Action item »
Below is a listing; print exactly its lines from the one containing "A�modern Triangle Geometric" down to the one containing "These pants feature", both inclusive, with every picture left out.
______
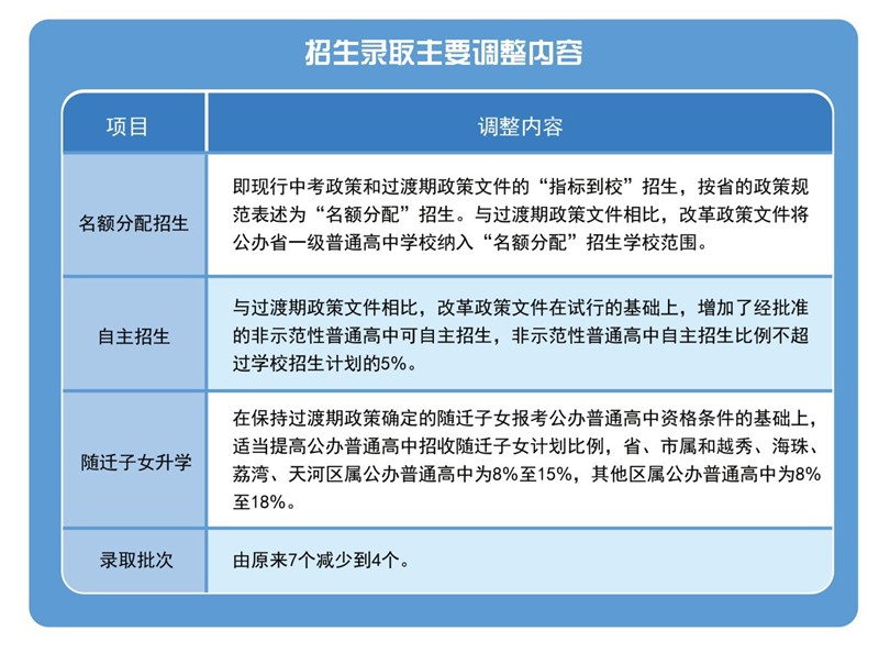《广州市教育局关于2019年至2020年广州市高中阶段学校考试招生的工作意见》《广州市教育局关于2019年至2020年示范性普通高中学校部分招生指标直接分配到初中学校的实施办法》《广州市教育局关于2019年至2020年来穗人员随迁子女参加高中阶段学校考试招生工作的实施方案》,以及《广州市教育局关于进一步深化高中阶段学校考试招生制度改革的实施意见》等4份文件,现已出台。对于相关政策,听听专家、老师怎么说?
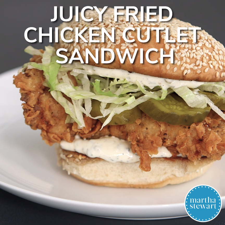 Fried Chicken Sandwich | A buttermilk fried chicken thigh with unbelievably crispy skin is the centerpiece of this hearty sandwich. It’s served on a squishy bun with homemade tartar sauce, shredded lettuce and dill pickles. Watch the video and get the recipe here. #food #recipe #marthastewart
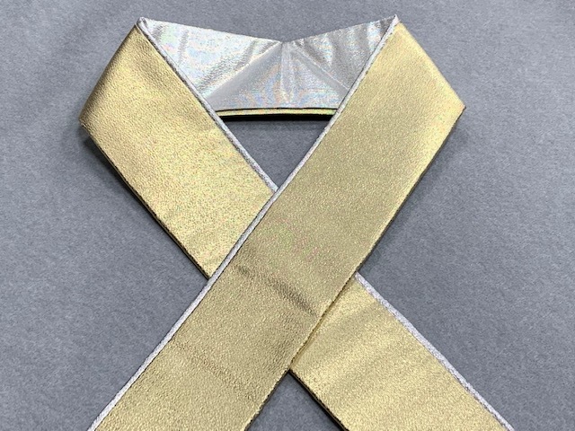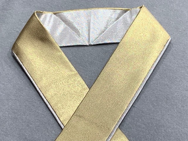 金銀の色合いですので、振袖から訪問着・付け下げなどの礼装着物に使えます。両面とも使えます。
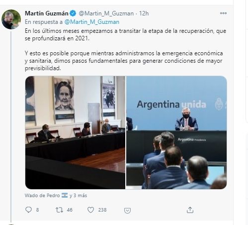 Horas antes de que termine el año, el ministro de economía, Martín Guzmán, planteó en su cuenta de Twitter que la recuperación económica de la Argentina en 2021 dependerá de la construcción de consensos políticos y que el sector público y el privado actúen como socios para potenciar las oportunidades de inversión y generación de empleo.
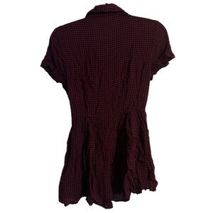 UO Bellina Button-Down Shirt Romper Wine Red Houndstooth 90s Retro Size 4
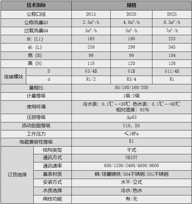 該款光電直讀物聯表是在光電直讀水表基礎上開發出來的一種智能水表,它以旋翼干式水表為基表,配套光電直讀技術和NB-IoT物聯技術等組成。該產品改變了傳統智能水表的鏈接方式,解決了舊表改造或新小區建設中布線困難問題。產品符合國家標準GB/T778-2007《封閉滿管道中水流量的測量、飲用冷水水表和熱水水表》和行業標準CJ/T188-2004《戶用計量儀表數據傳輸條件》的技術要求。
______
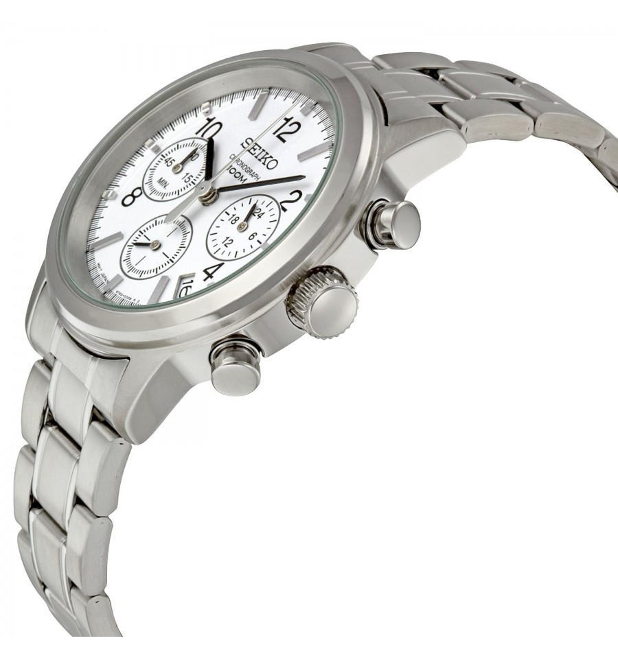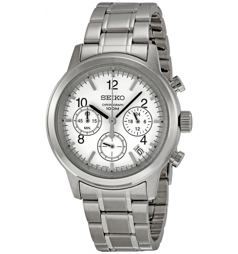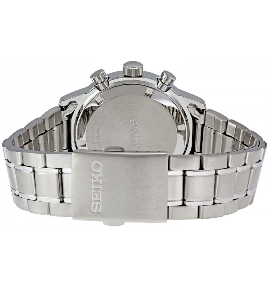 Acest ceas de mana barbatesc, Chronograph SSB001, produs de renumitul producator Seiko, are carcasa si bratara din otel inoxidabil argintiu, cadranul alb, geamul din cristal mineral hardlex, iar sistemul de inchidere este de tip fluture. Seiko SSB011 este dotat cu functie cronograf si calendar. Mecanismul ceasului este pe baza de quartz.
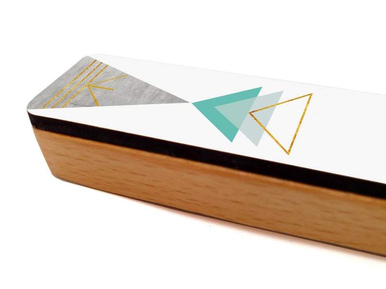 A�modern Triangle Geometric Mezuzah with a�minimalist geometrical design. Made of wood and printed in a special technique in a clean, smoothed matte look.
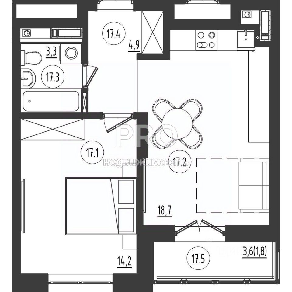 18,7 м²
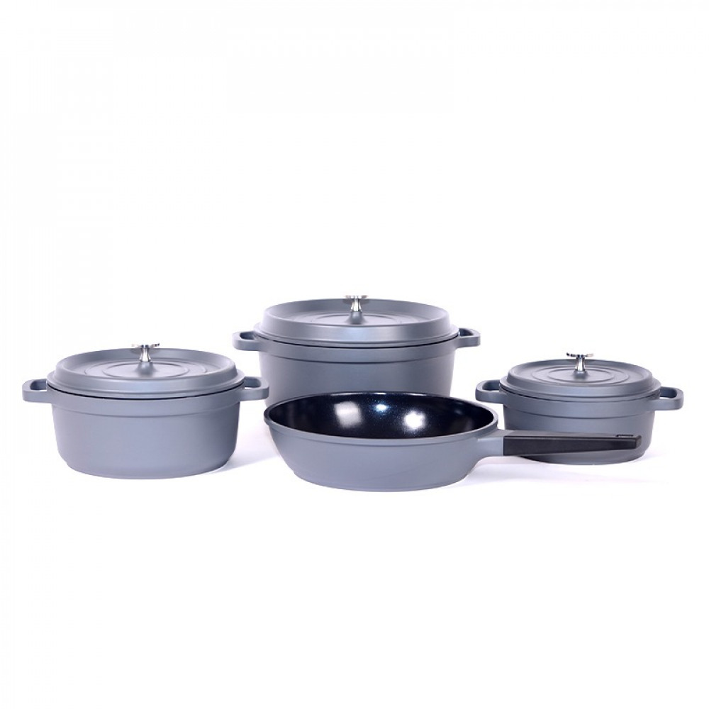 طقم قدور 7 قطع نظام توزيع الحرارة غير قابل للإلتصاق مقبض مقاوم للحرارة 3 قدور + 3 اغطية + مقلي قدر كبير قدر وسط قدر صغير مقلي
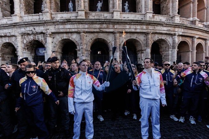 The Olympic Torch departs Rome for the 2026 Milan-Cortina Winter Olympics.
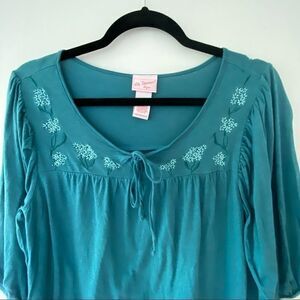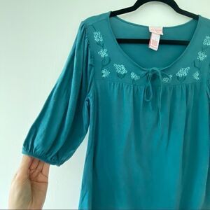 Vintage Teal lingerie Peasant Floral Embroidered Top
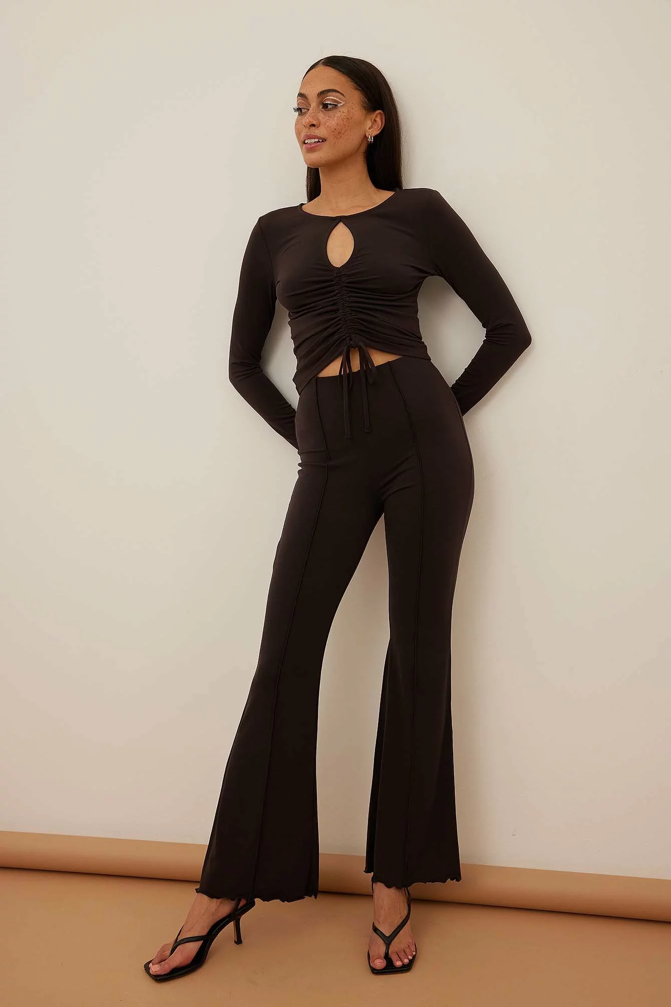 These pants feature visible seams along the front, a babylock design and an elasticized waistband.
______
Result of the task »
 A�modern Triangle Geometric Mezuzah with a�minimalist geometrical design. Made of wood and printed in a special technique in a clean, smoothed matte look.
 18,7 м²
 طقم قدور 7 قطع نظام توزيع الحرارة غير قابل للإلتصاق مقبض مقاوم للحرارة 3 قدور + 3 اغطية + مقلي قدر كبير قدر وسط قدر صغير مقلي
 The Olympic Torch departs Rome for the 2026 Milan-Cortina Winter Olympics.
 Vintage Teal lingerie Peasant Floral Embroidered Top
 These pants feature visible seams along the front, a babylock design and an elasticized waistband.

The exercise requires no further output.